"It's going to be a tough year" for the Securities and Exchange Commission's exam team without additional resources, Pete Driscoll, director of the Divisions of Examinations, said Thursday.
Speaking at the Investment Adviser Association's virtual compliance conference, Driscoll said that the growth of the advisory industry "continues to escalate, and certainly the complexity does too."
The exam division is "hoping for 15% exam coverage of advisors," as examiners were able to achieve in 2020, "but it's going to be tough without additional resources," Driscoll said.
Driscoll noted the "nutty year" so far with COVID, market volatility and meme stocks. "There's just a lot of areas where we have to pivot from a cause perspective."

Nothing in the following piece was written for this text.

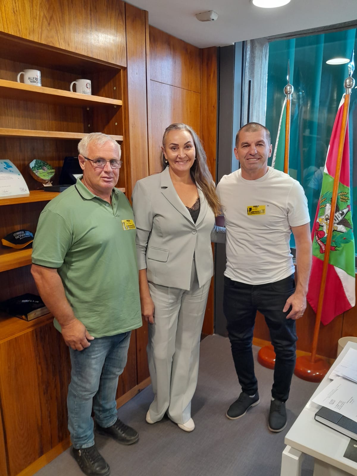 O prefeito de Treze de Maio, Nenem Bardini, acompanhado do vereador Fabio Rogério Fernandes (Fabinho) estão em Brasília em busca de recursos para o município. Durante a viagem, visitaram o gabinete da deputada federal Daniela Cristina Reinehr, onde apresentaram diversas demandas da cidade.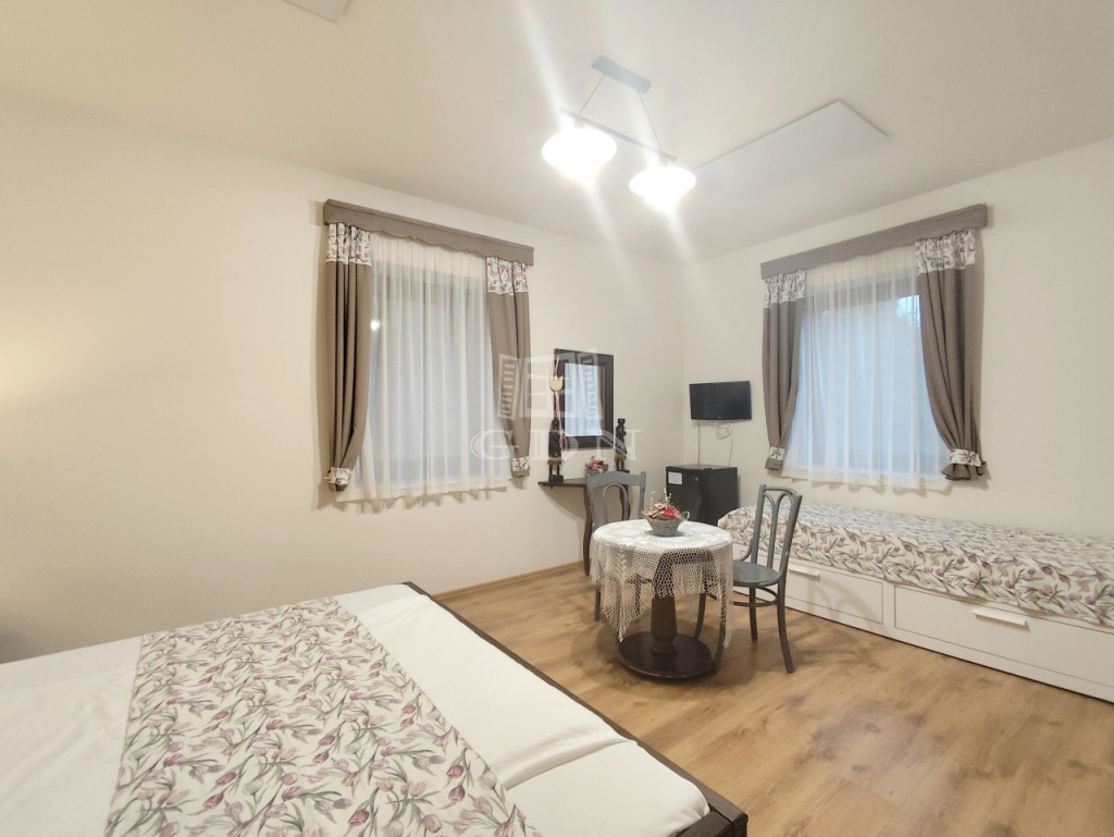 A házban 7 külön nyíló szoba található, mindegyik saját fürdőszobával, mely ritka, nagy érték.

The SEC noted Wednesday in releasing its 2021 exam priorities that examiners completed 2,952 exams in fiscal 2020, a 4.4% decrease from fiscal 2019.
In the last five years, the number of RIAs the SEC oversees increased from about 12,000 to more than 13,900, and the assets under management of RIAs increased from approximately $67 trillion to $97 trillion, the agency reported.
A longstanding complaint by SEC chairs and officials is that the agency lacks the resources to do its job.
That worry was reiterated in the just-released 2021 exam priorities list — particularly as it relates to advisor exams.
Coverage of RIAs increased from 10% in 2014 to a high of 17% in 2018. The Division's coverage of RIAs in 2020, "a year in which the RIA population continued to increase and the pandemic necessitated a mid-year shift to remote examining," was 15%.
The exam division "has been fortunate enough that technology was there and our ability to switch like that was pretty seamless," Driscoll said.
However, as noted in the exam priorities, "there remains a significant risk that, in light of industry growth and increased complexity and other factors, it does not have sufficient resources to adequately cover the RIA space."